The molecular docking analysis of fatty acid profiles concentrated on compounds generated from fermenting Pulu Mandoti using P. cystidiosus, considering its potential as a functional food with natural antioxidant and antidiabetic properties. The analysis revealed negative binding affinity values and identified interactions between receptor proteins (antioxidant: 5O0X and 2CKJ, and antidiabetic: 2QV4) and potential compounds acting as ligands through amino acid residues. The results indicated that compounds such as 11-Eicosenoic acid, methyl ester, and butylated hydroxytoluene exhibited optimal interactions with the antioxidant receptors 5O0x and 2CKJ. Furthermore, butylated hydroxytoluene demonstrated interactions with the antidiabetic receptor 2QV4 alongside the compound 9-Octadecenoic acid, methyl ester. Butylated hydroxytoluene is a lipid compound from the primary volatile group found in Pleurotus (Zhao et al. 2023). Fatty acids naturally exist in a mixed form of saturated (SFA), monounsaturated (MUFA), and polyunsaturated fatty acids (PUFA). Although the lipid content in mushrooms is relatively small, essential fatty acids constitute a significant portion of the lipid composition in various instances (Pedneault et al. 2006). The lipid composition of dehydrated mushrooms ranges from 1.75 to 15.5% per 100 g (Hong et al. 1988). Fatty acids play a crucial role in cellular functions, aiding in muscle contraction and overall metabolic regulation at the cellular, tissue, and organism levels. Polyunsaturated fatty acids contribute to various regulatory activities (Das et al. 2023).

Conclusions

This study successfully reports the nutritional profile, antioxidant and antidiabetic activities, and molecular docking simulations of potential compounds in a local rice variety, Pulu Mandoti from Sulawesi after fermentation with P. ostreatus, P. djamor, and P. cystidiosus.

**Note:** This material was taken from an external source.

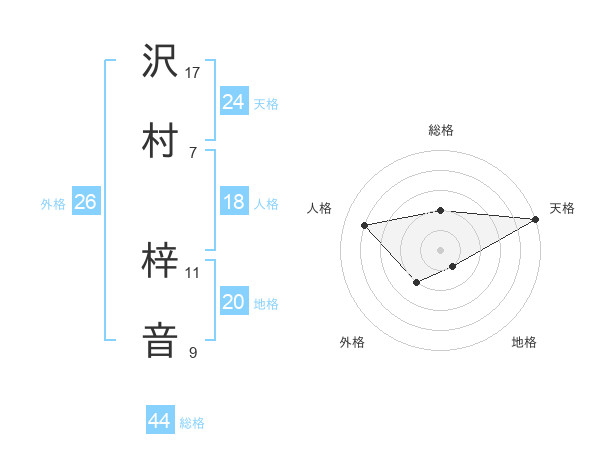 沢村 梓音さんを姓名の画数から五運を鑑定

Proximate analysis of fermented pulo mandoti with P. cystidiosus revealed higher percentages of dry matter (91.99 ± 0.61%), crude protein (8.55 ± 0.15%), and crude fat (1.34 ± 0.05%) compared to fermentations with P. ostreatus and P. djamor. The antioxidant and antidiabetic activities in all fermentation treatments with P. ostreatus, P. djamor, and P. cystidiosus showed higher inhibition values than the unfermented or raw sample. Fermented Pulu Mandoti with P. cystidiosus exhibited superior inhibitory effects in antioxidant and antidiabetic tests compared to P. ostreatus and P. djamor. The molecular docking analysis of the fatty acid profiles in the fermentation pulo mandoti with P. cystidiosus identified compounds such as 11-Eicosenoic acid, methyl ester, and butylated hydroxytoluene, exhibiting optimal interactions with antioxidant receptors 5O0x and 2CKJ. Furthermore, butylated hydroxytoluene demonstrated interactions with the antidiabetic receptor 2QV4 alongside the compound 9-Octadecenoic acid, methyl ester. Local rice, Pulu Mandoti, fermented with P. cystidiosus holds significant potential as a functional food due to its diverse array of natural antioxidant and antidiabetic compounds.